Pee-Posh (Native Americans of the Southwest)

Pee-Posh or "Pipatsje," "the People." These people are also known as the Maricopa.

Location The Pee-Posh lived for centuries along the lower Colorado River and then began migrating to the Gila River region in the 1600s. Today the majority of Pee-Posh live outside of Arizona and California, although the greatest concentrations live with the Pima on the Gila River and Salt River Reservations in Arizona (none live on the Maricopa Reservation).

Population Perhaps 2,500 Pee-Posh and related groups (see "History") migrated to the Gila River region in early historical times. There were roughly 800 Pee-Posh nationwide in 1990.
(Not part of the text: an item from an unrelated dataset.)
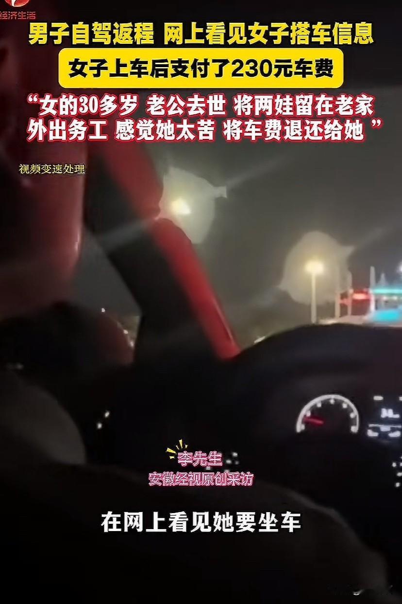 河南民权,男子自驾返程,在网上看到女子要搭车的信息,想着赚个油钱,女子上车后付了230元车费。女子和孩子视频通话后,男子心生怜悯,把车费退给女子。 李先生过节回到河南老家,节后要返回浙江宁波慈溪去上班。由于路途较远,李先生想着要是有人搭顺风车,自己也能赚个油费。 于是,李先生就在网上说了一嘴。刚好,他在刷视频时看到有女子要搭车的信息。 李先生看到后就和女子联系,经过沟通得知,女子的家和李先生的家距离不远。而且她也要回去宁波那边上班,这路线刚好和李先生的返程路线一样。 李先生和女子说好路费和时间后,李先生和另外两个朋友开车到女子的家里接她。女子也很守信用,在李先生接她上车后,她就把230块钱的路费给付了。 看到女子如此爽快,李先生想着这下油费算是有了着落。 在开车的过程中,女子的孩子给她打来视频。视频聊天中女子的两个孩子因为不舍得妈妈外出打工,在视频的那一头觉得稀里哗啦的。看到孩子哭成这样,女子的心里也不好受。 挂了视频后,李先生和女子在聊天中得知:女子今年30多岁,丈夫去年离世。家里有两个孩子,大的13岁,小的5岁。 在女子的丈夫去世后,挣钱养家的重任就落在女子的肩上,她把两个孩子放在家里给老人带,她外出打工。 知道了女子的事情后,李先生的心里特别不是滋味。觉得她一个女子上有老下有小的,特别不容易。 李先生决定把230块钱的路费退给女子,他觉得虽然自己也不富裕,但是自己挣钱比女子容易。 本来女子觉得自己坐车给路费是应该的,在李先生退路费回来时,她还不想要。但李先生坚持不收,女子这才收。李先生把女子安全送到她打工的厂子门口才离开。

Language The Pee-Posh spoke a dialect of River Yuman, a Hokan-Siouan language.

Historical Information

History Those people whom the Spanish called the Opa or the Cocomaricopa were one of several small Yuman tribes (including the related groups—the Halchidoma, Kahwan, Kavelchadom, and the Halyikwamai) who lived along the lower Colorado River. Contact with the Spanish was minimal and sporadic. By the early eighteenth century, these peoples had relocated up the Gila River, owing to an escalation of attacks by the Quechan and Mojave. The Pima offered them land and protection, and the two groups soon formed a confederation. By the early nineteenth century, the Pee-Posh had all but absorbed the smaller tribes.

The Pima-Maricopa confederacy went a long way toward making non-Indian settlement of that part of the desert possible, protecting Anglos from Apaches, starvation, and thirst. For example, the Indians used much of their surplus wheat to provide food for the so-called forty-niners on their way to California. (By 1870, their wheat production had reached 3 million pounds, an achievement that aroused the wrath of Anglo wheat farmers.) The Indians also sold wheat to the U.S. Army. In 1857, the confederacy decisively defeated the Quechans and Mojaves at Maricopa Wells, marking the last major formal battle between Indian nations in the Southwest. Beginning in the 1840s, and continuing throughout the century, epidemics took a heavy toll on the Indian population.


In recognition of its alliance with the confederation, the U.S. government established a reservation on the Gila River in 1863 for the Pima and the Pee-Posh. However, river water levels shortly began to fall so low as a result of upstream diversions by non-natives that a group of Indians moved to the confluence of the Gila and Salt Rivers. Now known as Laveen, this community was first called Maricopa Colony. Halchidoma descendants soon relocated to the Salt River, around the present site of Lehi. In 1879, the original reservation was enlarged, and the Salt River Reservation was established.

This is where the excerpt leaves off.